REQUIRED WORK: Below are entries with pictures among them; reproduce exactly, and only, the lines from the one containing "Chain conveyor with" down to the one containing "16일 오후 서울 잠실실내체육관에서", without the pictures.

DATA SUPPLIED:
=== Begin Enclosure ===

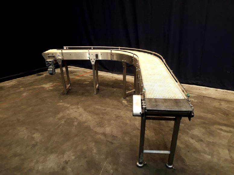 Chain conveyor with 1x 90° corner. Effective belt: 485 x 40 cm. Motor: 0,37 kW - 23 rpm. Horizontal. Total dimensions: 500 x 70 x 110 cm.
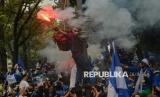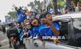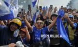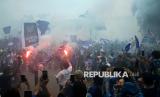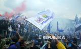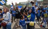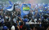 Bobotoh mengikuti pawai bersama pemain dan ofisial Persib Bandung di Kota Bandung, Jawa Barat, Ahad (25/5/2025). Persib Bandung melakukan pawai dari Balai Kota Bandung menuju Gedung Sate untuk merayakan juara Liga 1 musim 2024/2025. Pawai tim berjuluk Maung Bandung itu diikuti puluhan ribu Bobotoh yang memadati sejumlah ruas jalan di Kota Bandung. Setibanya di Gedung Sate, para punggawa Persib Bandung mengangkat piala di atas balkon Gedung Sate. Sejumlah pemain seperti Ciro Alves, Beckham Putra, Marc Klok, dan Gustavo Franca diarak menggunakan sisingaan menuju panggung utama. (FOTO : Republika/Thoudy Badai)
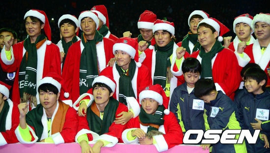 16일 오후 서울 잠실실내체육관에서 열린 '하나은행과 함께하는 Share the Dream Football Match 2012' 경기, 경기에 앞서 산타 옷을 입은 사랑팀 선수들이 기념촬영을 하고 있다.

=== End Enclosure ===
=== Begin Enclosure ===

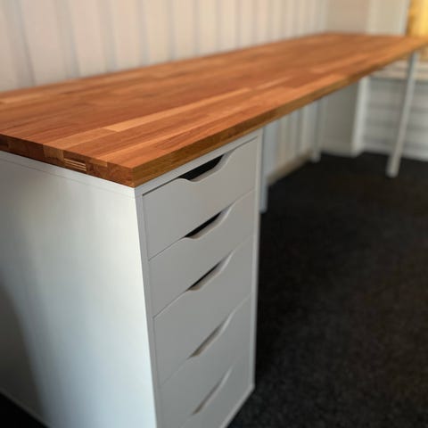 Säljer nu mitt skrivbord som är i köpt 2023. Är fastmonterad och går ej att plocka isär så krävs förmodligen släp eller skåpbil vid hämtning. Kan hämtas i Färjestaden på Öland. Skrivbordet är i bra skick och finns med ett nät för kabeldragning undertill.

=== End Enclosure ===
=== Begin Enclosure ===

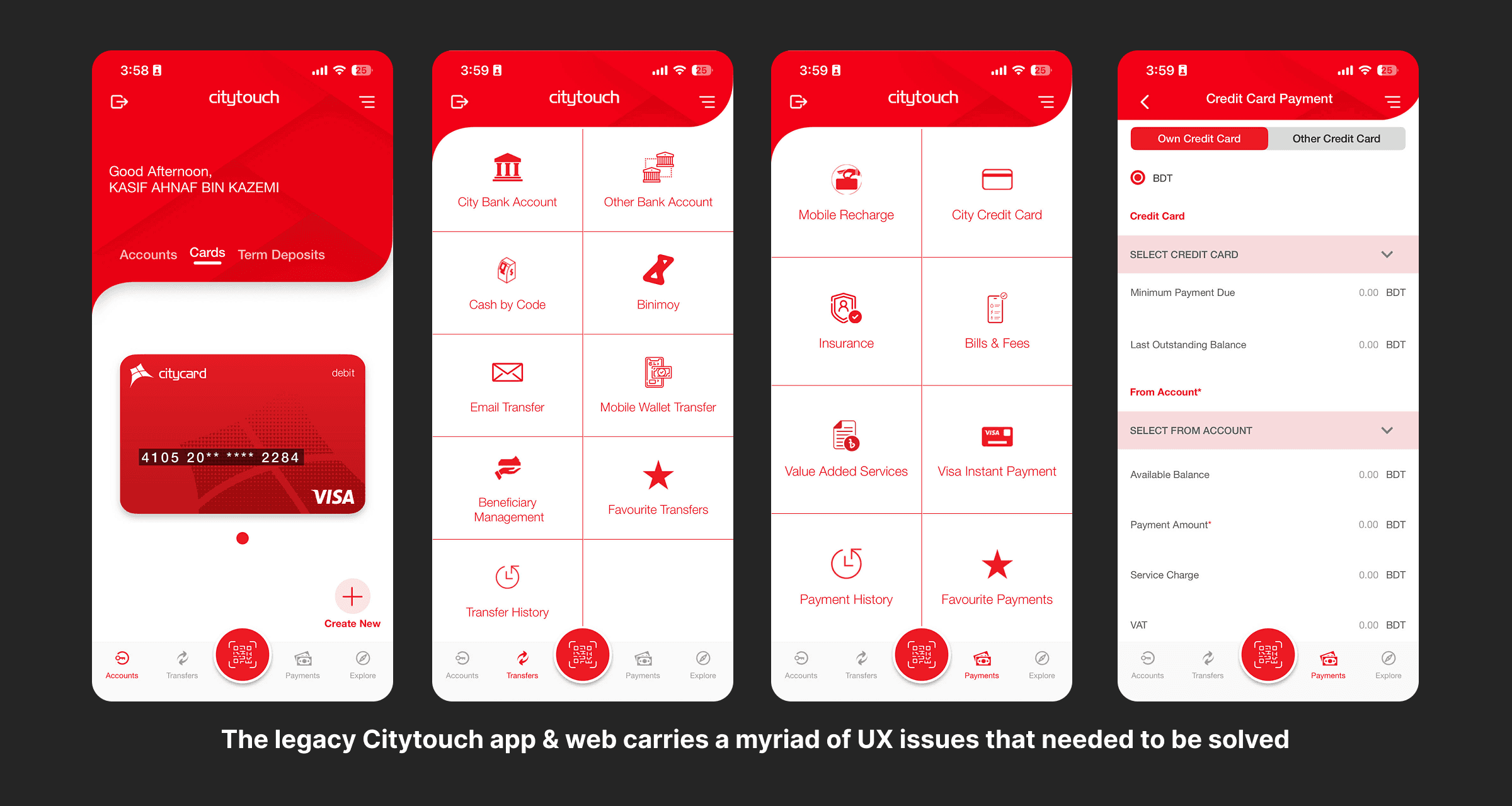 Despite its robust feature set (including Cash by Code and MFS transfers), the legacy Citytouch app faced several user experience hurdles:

=== End Enclosure ===

REPLY:
 Chain conveyor with 1x 90° corner. Effective belt: 485 x 40 cm. Motor: 0,37 kW - 23 rpm. Horizontal. Total dimensions: 500 x 70 x 110 cm.
 Bobotoh mengikuti pawai bersama pemain dan ofisial Persib Bandung di Kota Bandung, Jawa Barat, Ahad (25/5/2025). Persib Bandung melakukan pawai dari Balai Kota Bandung menuju Gedung Sate untuk merayakan juara Liga 1 musim 2024/2025. Pawai tim berjuluk Maung Bandung itu diikuti puluhan ribu Bobotoh yang memadati sejumlah ruas jalan di Kota Bandung. Setibanya di Gedung Sate, para punggawa Persib Bandung mengangkat piala di atas balkon Gedung Sate. Sejumlah pemain seperti Ciro Alves, Beckham Putra, Marc Klok, dan Gustavo Franca diarak menggunakan sisingaan menuju panggung utama. (FOTO : Republika/Thoudy Badai)
 16일 오후 서울 잠실실내체육관에서 열린 '하나은행과 함께하는 Share the Dream Football Match 2012' 경기, 경기에 앞서 산타 옷을 입은 사랑팀 선수들이 기념촬영을 하고 있다.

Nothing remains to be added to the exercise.